Exercise brief :: Return exactly the lines from the one containing "Слайд 10Григ опубликовал" through the end of the material below, and leave the images out.

Supplied material ::
--*--

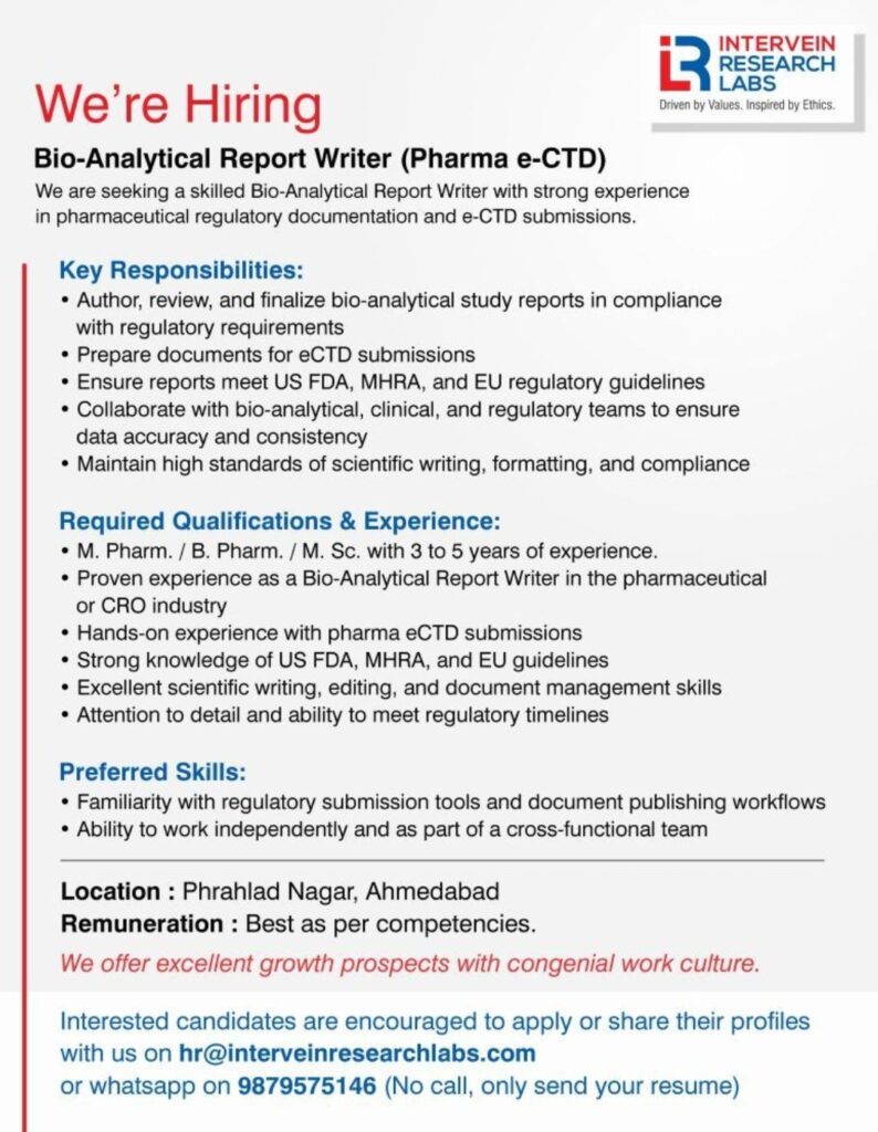 Bio-Analytical Report Writer (Pharma e-CTD) Job in Ahmedabad | Intervein Research Labs
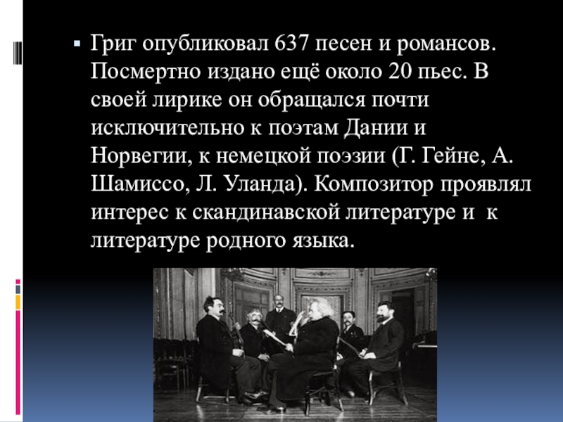 Слайд 10Григ опубликовал 637 песен и романсов. Посмертно издано ещё около 20 пьес.
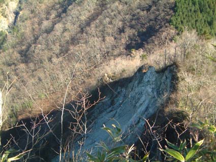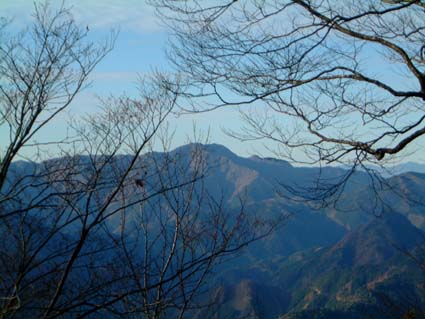 石畳の道を上り右上の林道終点、兵越峠分岐を過ぎると直ぐ青崩峠に到着。周囲と上方はすっかり伐採され冬枯れと相まって明るく見通しの良い登山道になってしまっていた。 相も変わらないヤセ尾根の軽い急登を最初のピーク(44)まで登り少し下るとここから急登が始まる。久しぶりの急登だ。只残念なのは距離が短いのだ。崩壊地尾根の上部のピークにある反射板(43)まで行くとまだ先の方に右から尾根が派生しておりもう少し急登が続いた。汗が流れ落ち眼にしみた。 更に派生してくる尾根上部の急登をもう数回登りきると観音岳との稜線分岐に出る。今度は北の外れの山頂まで5mから10mの登降を数回繰り返して山頂に着く。 |
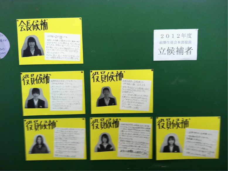 明日の生徒総会で24年度前期生徒会役員を選出します。今回、6人のメンバーが立候補してくれました。

--*--

Output of the exercise ::
 Слайд 10Григ опубликовал 637 песен и романсов. Посмертно издано ещё около 20 пьес.
 石畳の道を上り右上の林道終点、兵越峠分岐を過ぎると直ぐ青崩峠に到着。周囲と上方はすっかり伐採され冬枯れと相まって明るく見通しの良い登山道になってしまっていた。 相も変わらないヤセ尾根の軽い急登を最初のピーク(44)まで登り少し下るとここから急登が始まる。久しぶりの急登だ。只残念なのは距離が短いのだ。崩壊地尾根の上部のピークにある反射板(43)まで行くとまだ先の方に右から尾根が派生しておりもう少し急登が続いた。汗が流れ落ち眼にしみた。 更に派生してくる尾根上部の急登をもう数回登りきると観音岳との稜線分岐に出る。今度は北の外れの山頂まで5mから10mの登降を数回繰り返して山頂に着く。 |
 明日の生徒総会で24年度前期生徒会役員を選出します。今回、6人のメンバーが立候補してくれました。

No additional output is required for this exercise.